• [INSTRUCTIONS TO FOLLOW] The material below holds the lines to copy: from the one with "Figure 1 shows" up to and including the one with "这时,老师端来一碗自制的煳辣". Copy them exactly and skip the pictures.

----

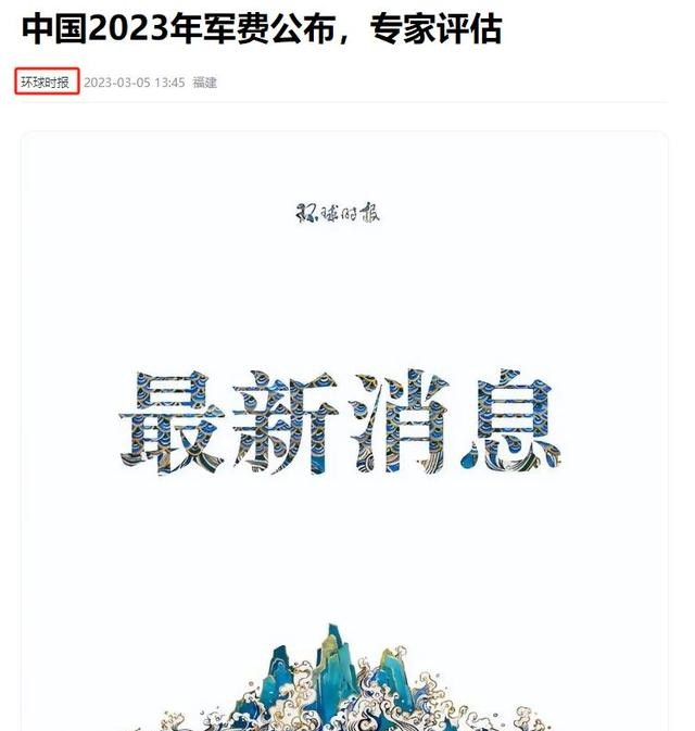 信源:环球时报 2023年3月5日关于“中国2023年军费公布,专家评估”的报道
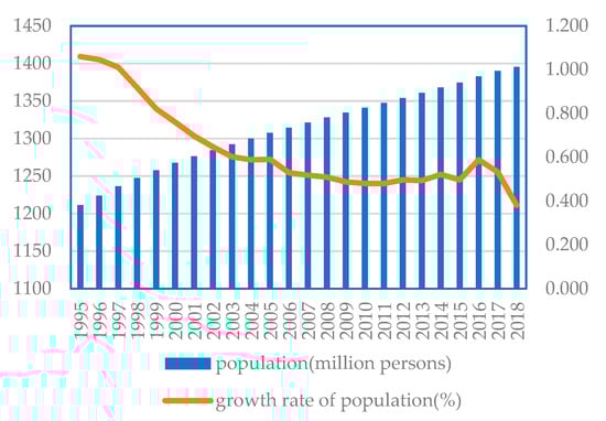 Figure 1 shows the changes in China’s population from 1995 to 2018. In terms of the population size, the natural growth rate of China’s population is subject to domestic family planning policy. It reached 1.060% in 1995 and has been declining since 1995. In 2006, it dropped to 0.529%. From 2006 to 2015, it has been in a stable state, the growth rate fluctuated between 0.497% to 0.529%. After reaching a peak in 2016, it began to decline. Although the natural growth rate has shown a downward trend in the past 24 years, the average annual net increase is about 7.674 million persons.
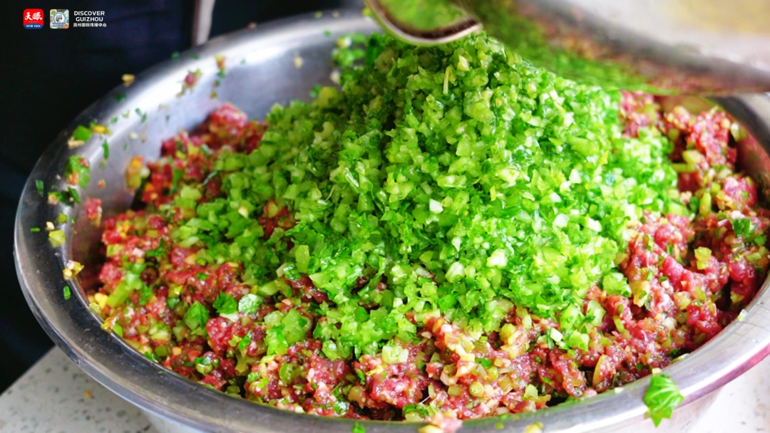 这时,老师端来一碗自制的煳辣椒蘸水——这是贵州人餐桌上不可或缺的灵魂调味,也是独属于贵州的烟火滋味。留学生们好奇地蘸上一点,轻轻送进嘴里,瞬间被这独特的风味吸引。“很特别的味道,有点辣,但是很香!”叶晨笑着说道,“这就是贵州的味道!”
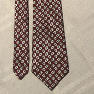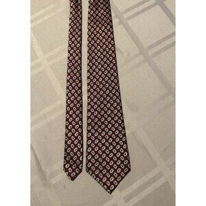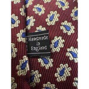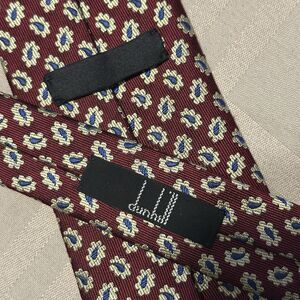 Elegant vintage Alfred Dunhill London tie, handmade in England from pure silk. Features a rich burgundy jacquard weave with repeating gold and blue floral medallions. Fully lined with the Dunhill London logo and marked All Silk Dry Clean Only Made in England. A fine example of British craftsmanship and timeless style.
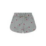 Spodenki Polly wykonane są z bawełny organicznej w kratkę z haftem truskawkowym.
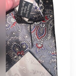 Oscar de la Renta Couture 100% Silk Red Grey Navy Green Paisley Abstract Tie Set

----

• [OUTPUT BELOW]
 Figure 1 shows the changes in China’s population from 1995 to 2018. In terms of the population size, the natural growth rate of China’s population is subject to domestic family planning policy. It reached 1.060% in 1995 and has been declining since 1995. In 2006, it dropped to 0.529%. From 2006 to 2015, it has been in a stable state, the growth rate fluctuated between 0.497% to 0.529%. After reaching a peak in 2016, it began to decline. Although the natural growth rate has shown a downward trend in the past 24 years, the average annual net increase is about 7.674 million persons.
 这时,老师端来一碗自制的煳辣椒蘸水——这是贵州人餐桌上不可或缺的灵魂调味,也是独属于贵州的烟火滋味。留学生们好奇地蘸上一点,轻轻送进嘴里,瞬间被这独特的风味吸引。“很特别的味道,有点辣,但是很香!”叶晨笑着说道,“这就是贵州的味道!”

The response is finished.